At least, that's my mental picture.

Karl · March 13, 2018, 7:41pm

Okay, let me draw some inferences from this:

The value of #unknown is context-dependent (the value X). Maybe some of your modules were written against CoolLibrary 1.0, and others against version 1.5. Wannabe-exhaustive switch statements within each module will handle different cases. Even within the same module, you might be migrating bits at a time.
Outside of a context where you try and handle other cases (e.g. if case (42, #unknown) = foo {), #unknown cannot have meaning - which cases should we take as X?
Within the context of a switch statement (i.e. the only place #unknown makes sense), it behaves indistinguishably from a default or _ (except for diagnostics)

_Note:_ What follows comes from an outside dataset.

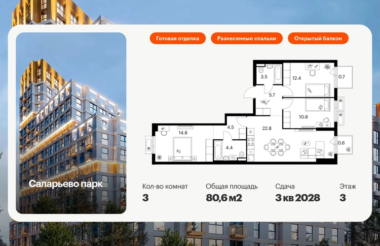 Продаётся 3-комн.квартира площадью 80.60 кв.м на 3 этаже 14 этажного дома (Корпус 69.2, секция 2) проекта ПИК Саларьево парк. Светлый просторный подъезд на уровне земли, функциональная планировка, большие окна, с отделкой. Артикул - 1023454О застройщике

If it takes different values in each individual switch statement, it is not it's own "thing".

John_McCall · March 13, 2018, 7:47pm

#unknown is _ with a warning if there's a statically-known case that would reach it. That's it.

It has a meaning in things like if case, it's just not a useful meaning because it can only possibly fail to warn if an enum has no statically-known cases. But that's still a meaning.

QuinceyMorris · March 13, 2018, 8:33pm

Yes, it is context-dependent in that way, but so is subpattern _, or case _:, or default:, even for a frozen enum. Are they not "things"?

I wasn't redesigning the feature, just following the original pitch:

At some point during this topic, #unknown morphed into the "oxymoronic" thing, but only some of the time, and only for some people.

The point is, this later #unknown is oxymoronic (well, let's just say "confusing and potentially ambiguous") only as a pattern matching operator that can appear anywhere. As a final catch-all, it's the behavior everyone wants (hence unknown default:).

jrose · March 13, 2018, 9:03pm

FWIW, this thread is not the original pitch; it's a spin-off from a proposal (mine) that was reviewed without any form of unknown, which was then revised and brought back for informal discussion in a pull request. unknown was always never going to produce errors; it must not in order to maintain source stability. Everything else falls out from that, including John's very simple explanation of its behavior.